By turns daffy and dazzling, awkward and artful, “Journey to the West” takes an ancient tale and gives it contemporary flair.
In adapting one of the Four Great Classical Novels of 16th-century Chinese literature, co-directors Stephen Chow and Derek Kwok have crafted a rollicking fantasy—a crazy fable that ultimately reaffirms the power of faith. Their giant martial-arts set pieces are nothing short of extraordinary; lively and lovely, they’re filled with both great intricacy and innovation.
These scenes, which can be both wildly slapsticky and minutely graceful, provide the film with a winning, driving energy. And then when they’re over, the characters unfortunately have to talk.
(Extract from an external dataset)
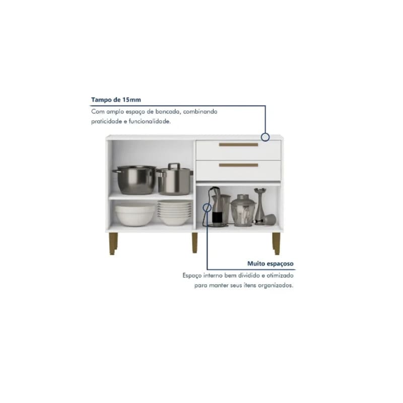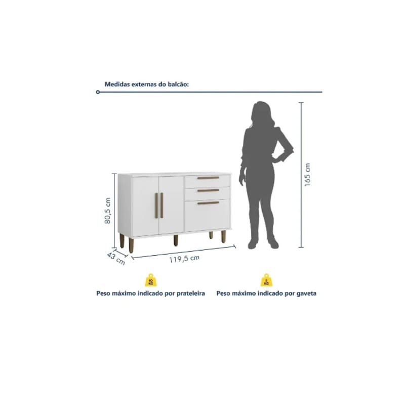 Itens Inclusos: 1 Balcão + 1 Kit Ferragens + Manual de Instrução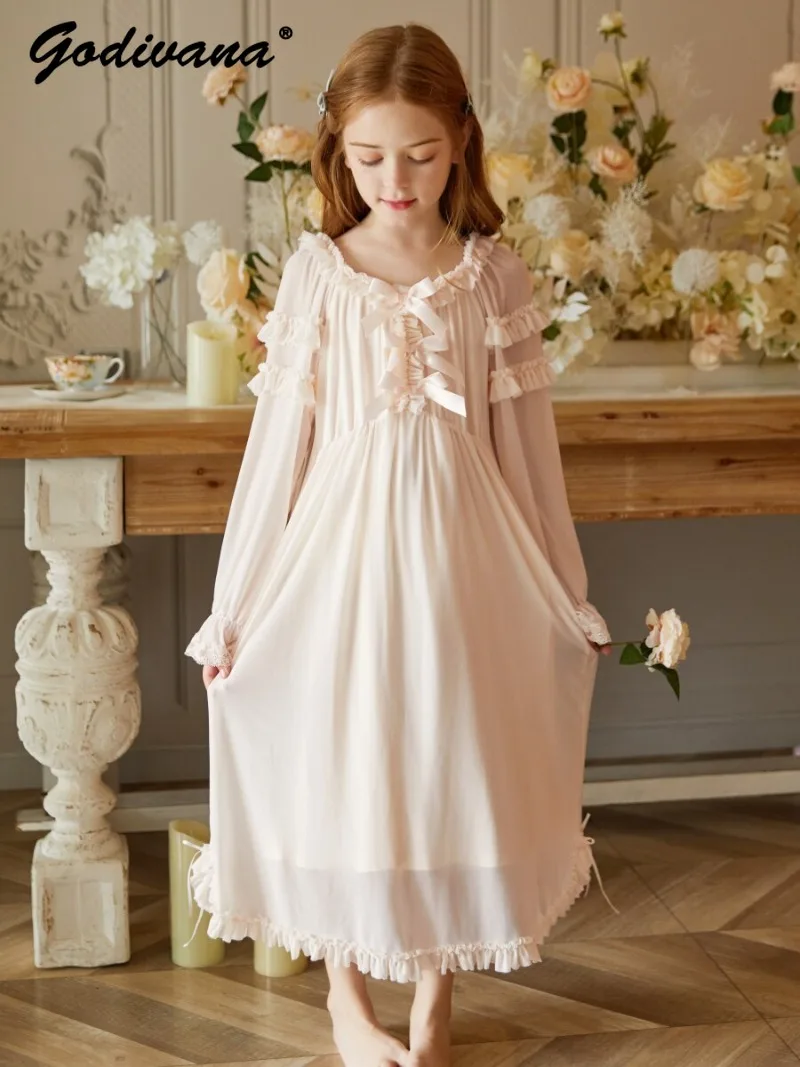 Mädchen Prinzessinnen-Nachthemd im Hofstil mit Langen Ärmeln, Süßes Mädchen-Nachthemd für Frühling und Sommer aus Reiner Baumwolle mit Feen-Schleife und Rüschen

“Journey to the West” follows a goofy but sincere Buddhist monk named Xuan Zang (Zhang Wen), a young demon hunter who must vanquish a series of foes en route to his ultimate showdown with the notorious, shape-shifting Monkey King (Bo Huang). When we first see him, in the film’s lengthy, tour-de-force opening sequence, he’s helping a bunch of frightened villagers take down a giant, hungry fish that’s leaping from the water and wreaking havoc. The comedy has a Mel Brooks-like sensibility about it that’s appealing; it’s playful in a deadly-serious situation. (Chow also directed the pleasingly cartoonish “Shaolin Soccer” and “Kung Fu Hustle.”) But the choreography is undeniable: a breathtaking series of near misses and tricky balancing acts.
Xuan’s preferred, absurd method of attack, per his mentor, is to tame the beasts by singing lullabies to them from a book called “300 Nursery Rhymes.” The sweetness and innocence within Zhang’s performance feels very Keanu Reeves circa “Bill & Ted’s Excellent Adventure,” complete with a mop of wild hair. This is actually a compliment.
The rival demon hunter he keeps running into, a catlike creature known as Miss Duan (Qi Shu), favors a more direct strategy: She takes them on through balletic physical battles with the help of a magical golden bracelet—”The Infinite Flying Ring”—which she can duplicate countless times. As she flings the circles through the air like lethal boomerangs, her targets explode in a burst of dust. It’s an awesome sight to behold.
But then “Journey to the West” has an episodic structure that saps it of much of the momentum it gains during those thrilling set pieces. Xuan and Duan have one adventure, then another, than another. They meet one eccentric character, then another, then another. There’s a tiger demon and a pig demon. There’s a preening royal known as Prince Important (clearly a friend of President Business from “The Lego Movie“) and an elderly man known as the Almighty Foot, whose shriveled limb expands to an enormous size when the time comes for him to stomp on his enemies. (He might have the best catch phrase ever: “Today, you will die by my almighty foot!”)
Along the way, Xuan and Duan trade some stilted and truly cringe-worthy dialogue—initially about their conflicting strategies, eventually about the half-hearted romance that develops between them. Out of nowhere, Duan finds herself falling hard for her unlikely companion and throwing herself at him in increasingly elaborate ways.
Maybe it’s written that way on the page, but on the screen—especially in a film that benefits from such a strong and fearless female—the sudden need to have a man define her is a disheartening cliché. Also, some of the interactions between the male characters carry more than a whiff of homophobia which seems archaic. Again, maybe that’s from the source material. But a film that clearly went out of its way to appeal to modern audiences perhaps could have gone just a tiny bit further.